Although shrewd young women appear frequently in Shakespeare’s plays, mature
women are conspicuously absent. Mothers in particular are missing. In The
Tempest, Prospero lives alone with his daughter Miranda as castaways on a remote
island. When Prospero gives an account of their escape from Milan, he only references
her mother once, and only in order to confirm that Miranda is indeed his daughter: “Thy
mother was a piece of virtue / And she said thou wast my daughter” (I.ii.). Mothers are
missing in plays from across Shakespeare’s career, from Titus Andronicus to King
Lear, and like The Tempest, many of these plays focus intensely on the relationships
between fathers and daughters. Two notable exceptions to the rule of missing mothers
include Gertrude in Hamlet and Volumnia in Coriolanus, both of whom have difficult
relationships with their adult sons. The example of Gertrude also points to
Shakespeare’s tendency to present mature women as being devious, even dangerous.
Hamlet believes his mother to be complicit with the king’s assassination. Lady Macbeth
provides another example of a devious older woman. Cleopatra may offer the only
example of a powerful, mature woman whom Shakespeare portrays as being noble and
dignified.

Shakespeare's "Others"

Jews in Shakespeare’s England


Few people in Shakespeare’s England would ever have met a practicing Jew. The
kingdom’s Jewish population had been expelled in 1290, more than two hundred years
before Shakespeare’s birth, and practicing Jews would not be permitted to enter the
country until after Shakespeare’s death, in 1660. Despite the expulsion of the Jews in
the Middle Ages, a small group of Portuguese Jews, comprised of just under one
hundred people, survived in London by living quiet lives, and mostly avoided trouble
with authorities. Elizabethan London was also home to a small number of Jewish
converts to Christianity. In spite of their conversion, however, these Jewish people
remained subject to anti-Semitic prejudice. In 1594 the royal physician Roderigo Lopez,
a Spanish Christian of Jewish ancestry, was found guilty of plotting to poison Queen
Elizabeth.
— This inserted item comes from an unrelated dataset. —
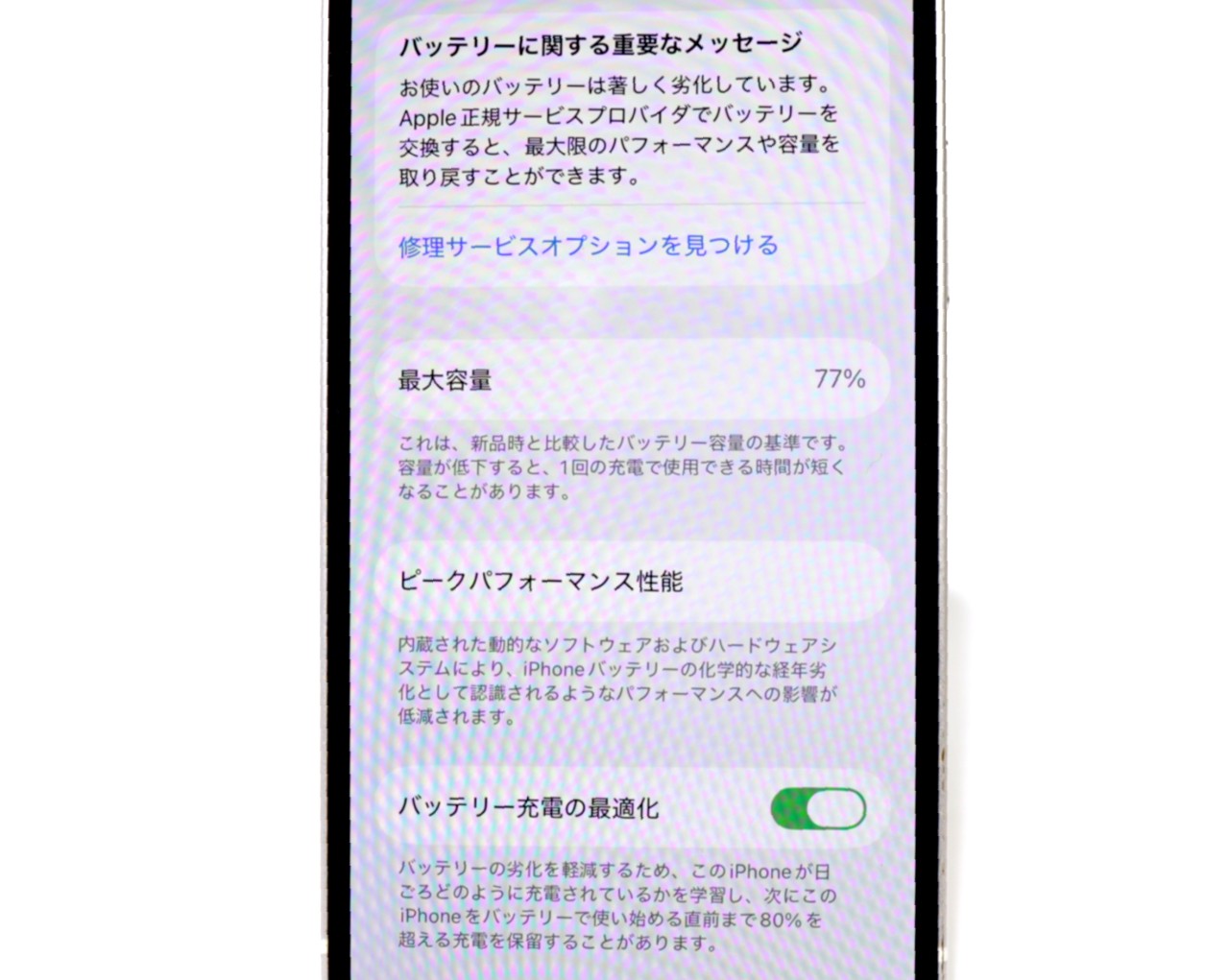 バッテリー最大容量=77%です。バッテリー劣化が進んでおります。

When he spoke to the crowd who had gathered to watch his execution,
Lopez insisted that he “loved the Queen as well as he loved Jesus Christ.” The crowd
laughed at him. They believed that he hated the queen, so his choice of words only
confirmed that he hated Jesus Christ as well and hence secretly remained a practicing
Jew.

Anti-Semitic prejudice ran deep in England. Conventional wisdom held that Jews who
refused to convert to Christianity were delaying the salvation of mankind. In the
medieval period many Christians also believed that Jews killed Christian children as
part of their religious practice, and this rumor persisted during Shakespeare’s lifetime.
Perhaps the most widespread stereotype of Jews that survived in Shakespeare’s time
related to usury, the practice of lending money at interest. In many parts of Europe,
Christians were legally forbidden from collecting interest. Though not legally barred from
the practice, Jews who did charge interest on loans came to be seen as greedy and
devious. Shakespeare addressed this stereotype in The Merchant of Venice, a play
that has proven ambivalent for many audiences through the centuries. Shakespeare’s
depiction of the Jewish moneylender Shylock has struck many as anti-Semitic. Yet the
play is also at pains to show that cruelty and greed, as well as pain and suffering, are
traits that can be found in Jews and Christians alike. Shakespeare clearly indicates that
Shylock’s cruelty partly arises in response to his experience of discrimination and
abuse, yet within the play itself there is no empathy for the vilified man, who disappears
in disgrace at the end of the fourth act.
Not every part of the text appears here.